Hi @roselucia
Odd. But to just manually split up the data values, try this (uses tools from the “GENERAL TEXT MANIPULATION” tool groups):
- Remove the header with the tool Select using “not matching” and the regular expression
^@. That could be reversed to be “matching” if you want to keep the header instead for some other use in another file. You probably don’t want that in your Excel spreadsheet, or at least not in the same sheet. But if you want it, then add it back after the rest of the data is manipulated: Tool: Concatenate.
- Change the datatype on the “not matching” result to be
tabular by clicking on the pencil icon (upper right corner of the dataset) to reach the Edit Attribute forms. Tab into “Datatypes” and assign the datatype tabular.
- Break up data values using the tool Convert delimiters to TAB. Run once with semicolons
; and (optionally) run once with pipes |.
Converting pipes to tabs is going to produce some lines that don’t exactly match others. Some of those values are NULL in your data lines (expected), plus some data lines have repeating data (also expected), so that is optional.
You might want to experiment with other tools to deal with the pipes/empty values. Examples:
-
Replace Text in entire line – could convert
|| values to be something like |NULL|, then run the Convert delimiters to TAB
-
Text transformation with sed – you can play around with queries, but something like this will fill in empty values with “NULL”, but you can pick whatever you want as a placeholder value: dot
. etc, anything that is one “word” and won’t conflict with values are you converting to tabs: s/||/|NULL|/g
-
sed is very powerful and can do much more. There are guides/posts all over the web if you are not familiar with the tool (is a unix utility).

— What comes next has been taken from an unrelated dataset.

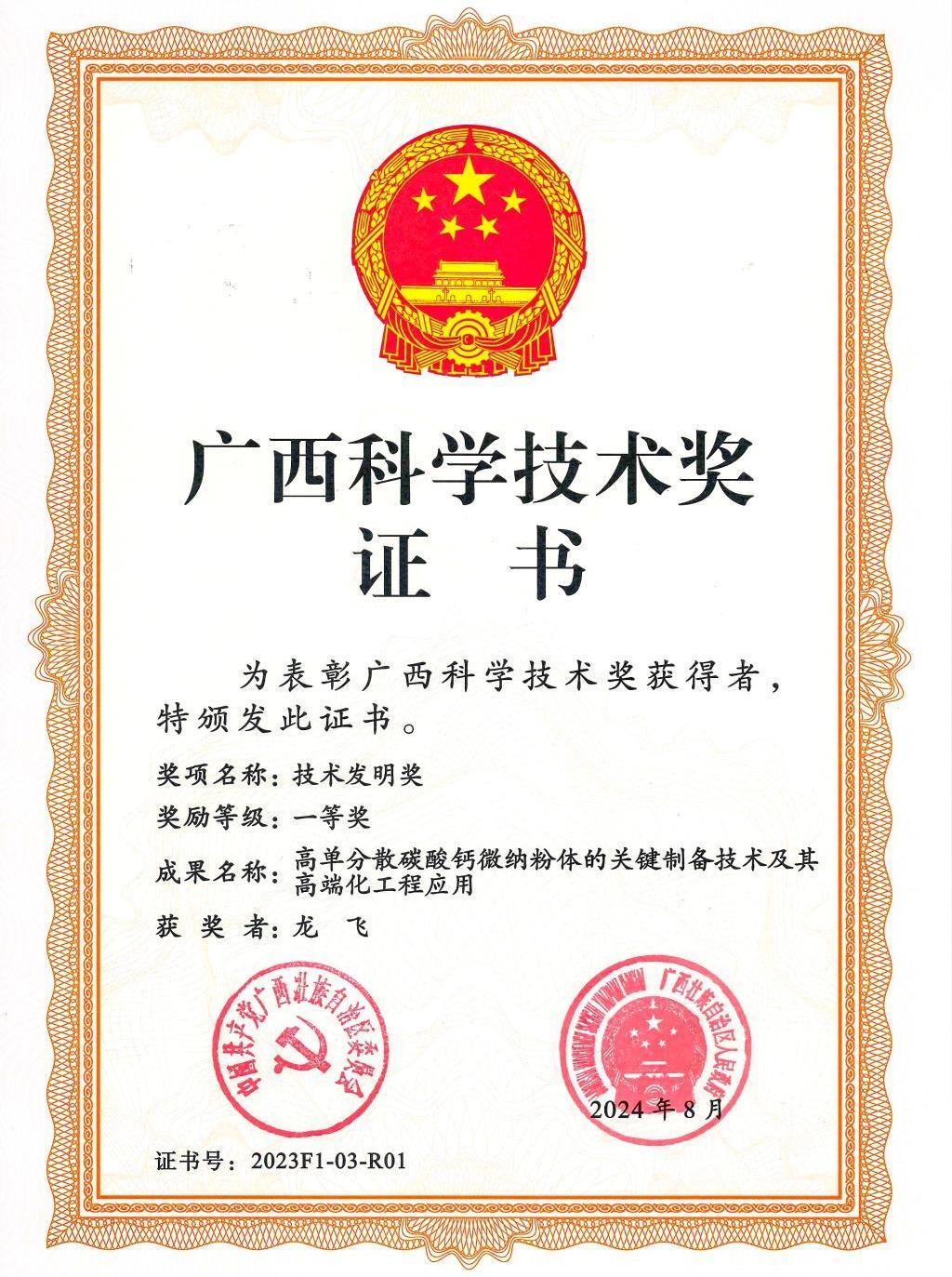 党外代表人士龙飞教授项目成果获广西科学技术发明奖一等奖

Now, I don’t think this tool will get you the formatting you want (will create repeating lines), but still could try it and review:
-
Unfold columns from a table – split on pipes
The vcf-to-tab tool is from a 3rd party – we just wrapped it to work through the web in Galaxy. The underlying tool’s functionality is determined by the original authors. A link to them is on the tool form. You might want to show them your data and ask if they would consider upgrading the tool to work with it. I don’t think the tool is buggy – rather, it simply has trouble parsing one of your versions of vcf data (format/content).
Why you are getting a different result at .org versus your docker – not sure, could be many factors: tool dependencies, the Galaxy software version, or some semi-random “decision” behavior that the tool performs when given non-standard inputs. The latter is the most likely reason and probably involves a cascade of “rules” the program goes through. That process may not be necessarily reproducible across different compute environments.
Inconsistencies like that somewhat common (not just this tool) are one of the reasons why there is such a big push that reproducible analysis needs to be described in publications very precisely. Not only the data/tools/versions/paramaters used, but also the entire exact compute environment used. Part of why Docker containers are so useful is because entire environments can be saved/published/used by others.
Hope this works out!